Time as a construct in one's mind


My experience of aging serves as a poignant example of varied experiences in time.  Although my physical body continues to “decline”, my perception of myself in time is hardly uniform, nor is experienced in a linear manner.  Not looking ones age is cosmetic and appreciated, but not feeling one’s age is immediate and bizarre.
I’m at the gym and lifting weights; all of a sudden I notice the tide like character of the wrinkles on my arms; tide like because they appear as ascending waves.  There is actually a reaction, “this can’t be my arm”. There is a startling quality that comes with it; a refusal to recognize that one’s body is actually deteriorating as appropriate with its calendar age.  Although this may be unconsciously connected with issues of mortality, mainly it resonates as a brutal break in an awareness of actual time.
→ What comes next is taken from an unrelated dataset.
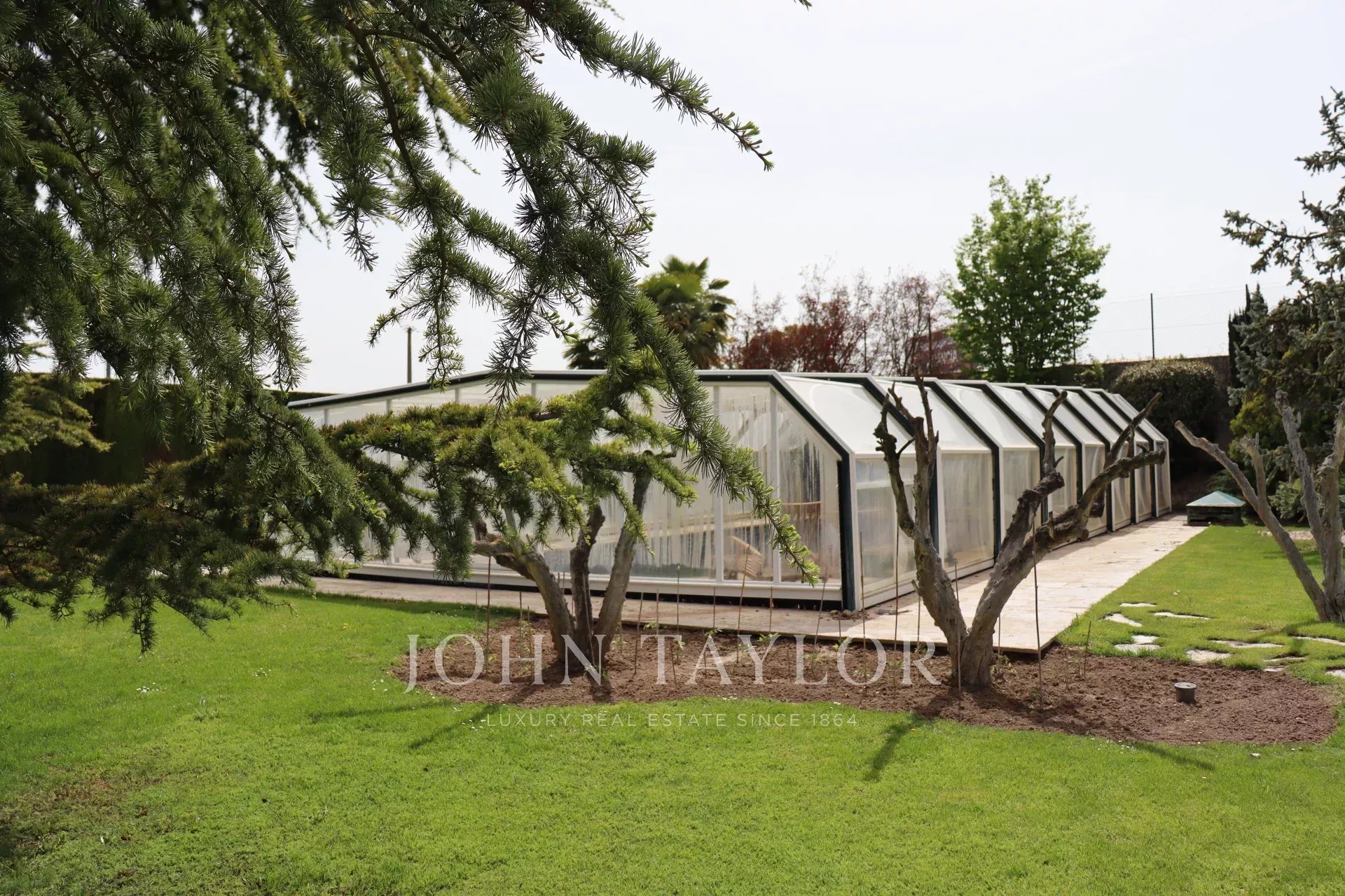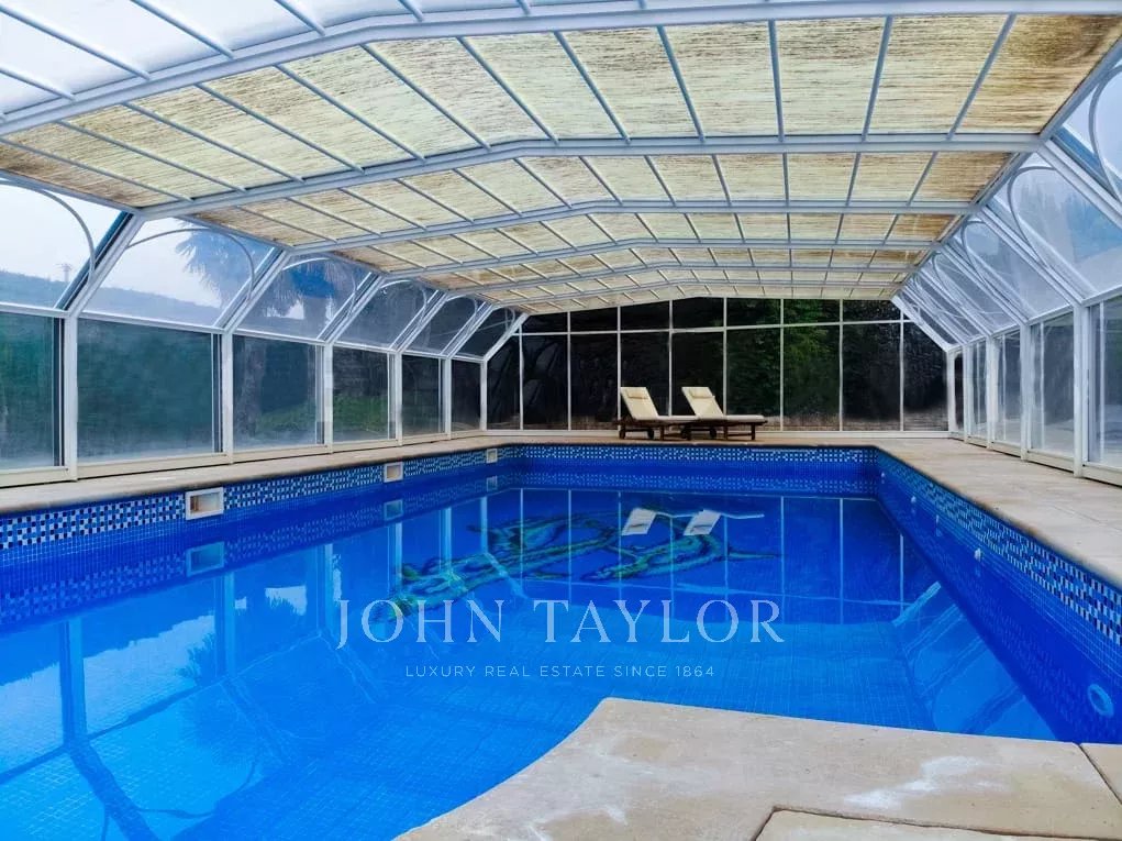 Krytá garáž pro dvě vozidla (možnost rozšíření), krytý venkovní bazén a tenisový kurt.

              The psychological clock of mine is often not consonant with the “real” time.  Perhaps that is part of the offense that occurs for me when someone jumps up to offer me a seat on the bus; I feel they don’t know who I am, that they mistake my looks for someone older.  Aging puts you into categories, categories that are elastic in one’s own mind, but are fixed to onlookers.
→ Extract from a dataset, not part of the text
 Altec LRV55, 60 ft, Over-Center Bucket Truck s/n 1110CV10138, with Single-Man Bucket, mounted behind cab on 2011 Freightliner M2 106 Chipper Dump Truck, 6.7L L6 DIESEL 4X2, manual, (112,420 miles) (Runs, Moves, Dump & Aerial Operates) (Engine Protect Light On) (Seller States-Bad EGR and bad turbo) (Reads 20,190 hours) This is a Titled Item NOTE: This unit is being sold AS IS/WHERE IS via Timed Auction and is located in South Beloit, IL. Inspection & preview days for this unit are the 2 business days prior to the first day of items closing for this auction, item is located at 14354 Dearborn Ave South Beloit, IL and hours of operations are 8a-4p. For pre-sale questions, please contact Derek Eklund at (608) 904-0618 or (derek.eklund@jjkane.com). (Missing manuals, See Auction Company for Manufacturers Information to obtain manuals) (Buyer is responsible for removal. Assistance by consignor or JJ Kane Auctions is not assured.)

Starting graduate school I have always been somewhat uncomfortable the first day of classes, anticipating my classmate’s and professors reaction to me.  What do they imagine about this old lady in their midst.  Speaking of categories, I don’t belong in the classroom; I don’t fit the profile of student because of differences in time.  As a prescription and regulatory practice, college is the time for youth.  Times apparently have their own assumptions; they enforce stereotypes of who belongs and who doesn’t.  In this way I have jumped out of categories, and in doing so have entered into a space where my belonging is at question.
All these assumptions and categories are haunting when one assumes the present can still be about the past.  Memories are different as I grow older.  They are less connected to interpersonal events and more related to what Yannis Hamilakis calls multi-sense traces of events.  For example, the tiny images of leaves forming again on the trees in the spring evokes for me a particular experience of standing in my living room while I still lived in Chicago, some 40 years ago, and looking out the window at the sight of the new unfolding leaves on the trees forming a spider web of light and shadow as I was waiting for the committee I was chairing to arrive.  The image is fresh in my mind although particularly clear recently.
            Shanks writes, “the footprint or vestige is not like a trace….it will haunt when it is found in the future and then witness the passing over of what is no more”.  I think the haunting is responsible for my breaks in the present; the compilation of my experiences over a life time still exist and remain alive until shaken by the reality of the present.    As the past interrupts my present, my present also interrupts my past and perhaps threatens to cancel that past in the constant move towards the future.   In such a way I waver between my present, and the footprints of my past. 
Shank continues in a later passage, “Setting the present in opposition to the past, as times or tenses invokes the corresponding contradictory temporal states:  the past that still has an effect on the present.”  This, then, is a way of keeping the remains of one’s life alive.